The AI space is in danger of falling into an extractive, toxic anti-competitive market playbook: identify a real problem, propose a proprietary monitoring layer to hedge as many customers in as possible, charge enterprise prices and build a moat for RICO-like rent seeking.

But TEE + Solid represents something different: an open standards based fundamental architectural shift that ends entire classes of vulnerabilities rather than just making them profit centers for those offering steps marginally harder to exploit.

This isn’t about buying better guardrails or more sophisticated monitoring. It’s about building systems where:

  1. Security properties are enforced by physics (hardware isolation) and mathematics (cryptography)
  2. Users maintain sovereign control over their data and AI interactions
  3. Default configurations are secure configurations because insecure configurations are impossible

It’s not any more difficult than saying TLS (transit) and AES (storage) are needed for safe information management. Turn it on: one, two, three.

Practical Path Forward is Practical

We have building blocks for TEE + Solid AI agents today. Why not try one? The hardware is already at scale, the protocols have standardization, and the user experience is all that needs serious work.

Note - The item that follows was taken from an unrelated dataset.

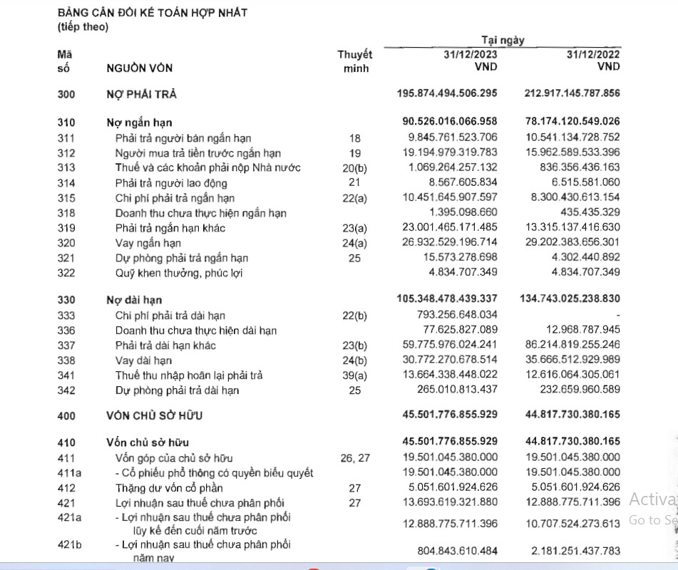 Nợ vay ngắn hạn 26k tỷ giảm 3k tỷ dài hạn 30kty giảm 5k tỷ

The foundation has been laid since around 2015 (MapReduce shout out), which means AMD, Intel, and ARM have all been pushing TEE capabilities into mainstream processors for almost a decade. The Solid protocol is the Web’s logical evolution for storage. Open-source AI models are good enough to run safely and locally in controlled environments.

When we put these pieces together, we won’t need to hail Mary anymore. Expecting a perfect play of security hygiene from users or perfect implementation from vendors is a myth for Disney profits on fantasy, not a daily life strategy. The security needs to be built into the architecture itself.

So scope your damn cryptographic tokens like always, read your efficient security prompts attached to reasonable boundaries, and maybe don’t give org-wide access to experimental AI tools. Let’s start thinking about how we build systems that don’t require belief in an ubermensch or superhuman.

Super vigilance from every user should be recognized as a form of being super villainous, an anti-pattern to building trusted systems.

My bourbon should be for celebrating solutions, not crying over fixing problems that never should have existed in the first place.